INSTRUCTIONS TO FOLLOW: Locate the line bearing "بوت ركوب طويل" in the material below, then reproduce it and each following line up to and including the line bearing "관악구 클린세상 방역사업단 소속 어르신이 어린이집 살균 작업을 하고 있다.".

GIVEN DATA:
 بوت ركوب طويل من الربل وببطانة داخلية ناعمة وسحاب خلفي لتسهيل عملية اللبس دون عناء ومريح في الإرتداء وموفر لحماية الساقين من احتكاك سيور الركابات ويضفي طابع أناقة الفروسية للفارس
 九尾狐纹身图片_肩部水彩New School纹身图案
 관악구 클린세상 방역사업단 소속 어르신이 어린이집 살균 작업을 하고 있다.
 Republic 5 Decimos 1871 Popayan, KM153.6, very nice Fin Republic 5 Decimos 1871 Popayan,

==

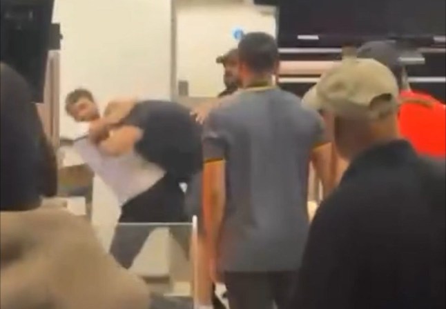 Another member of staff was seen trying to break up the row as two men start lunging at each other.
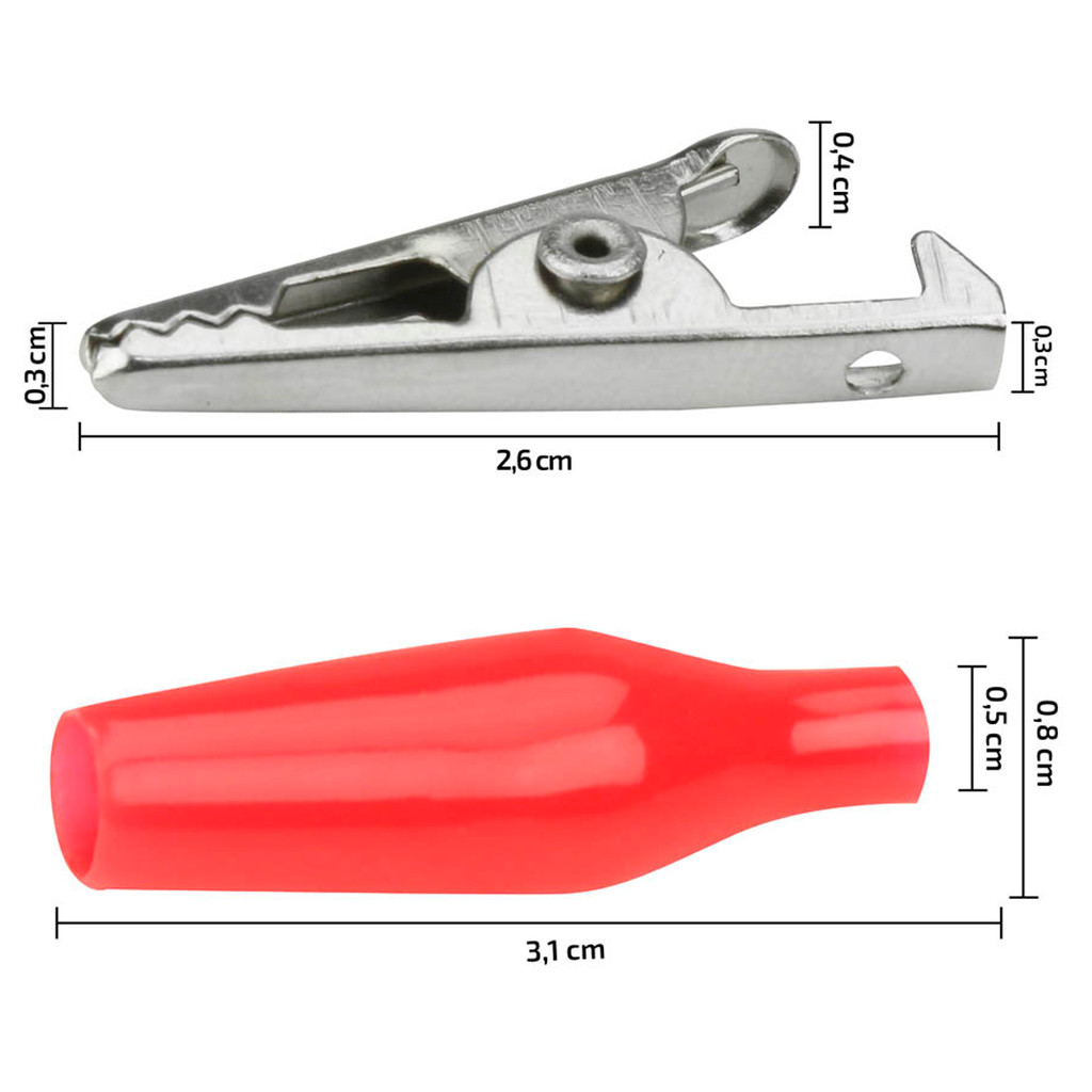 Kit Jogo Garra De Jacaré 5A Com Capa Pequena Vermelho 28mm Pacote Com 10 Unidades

--

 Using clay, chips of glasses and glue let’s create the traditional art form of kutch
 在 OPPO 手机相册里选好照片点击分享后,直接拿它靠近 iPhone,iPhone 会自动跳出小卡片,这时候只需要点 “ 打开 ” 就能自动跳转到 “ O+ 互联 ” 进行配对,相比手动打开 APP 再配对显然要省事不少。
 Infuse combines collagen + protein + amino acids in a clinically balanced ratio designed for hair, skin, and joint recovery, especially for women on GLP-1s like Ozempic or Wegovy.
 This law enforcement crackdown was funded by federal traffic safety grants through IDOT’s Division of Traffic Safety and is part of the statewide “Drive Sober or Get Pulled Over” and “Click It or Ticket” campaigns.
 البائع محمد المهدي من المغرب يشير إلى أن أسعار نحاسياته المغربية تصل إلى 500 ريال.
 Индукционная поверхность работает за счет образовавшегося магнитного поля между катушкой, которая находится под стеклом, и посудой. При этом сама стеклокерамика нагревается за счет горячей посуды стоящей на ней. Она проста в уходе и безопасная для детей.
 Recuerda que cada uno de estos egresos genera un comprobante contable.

EXERCISE SOLUTION:
 بوت ركوب طويل من الربل وببطانة داخلية ناعمة وسحاب خلفي لتسهيل عملية اللبس دون عناء ومريح في الإرتداء وموفر لحماية الساقين من احتكاك سيور الركابات ويضفي طابع أناقة الفروسية للفارس
 九尾狐纹身图片_肩部水彩New School纹身图案
 관악구 클린세상 방역사업단 소속 어르신이 어린이집 살균 작업을 하고 있다.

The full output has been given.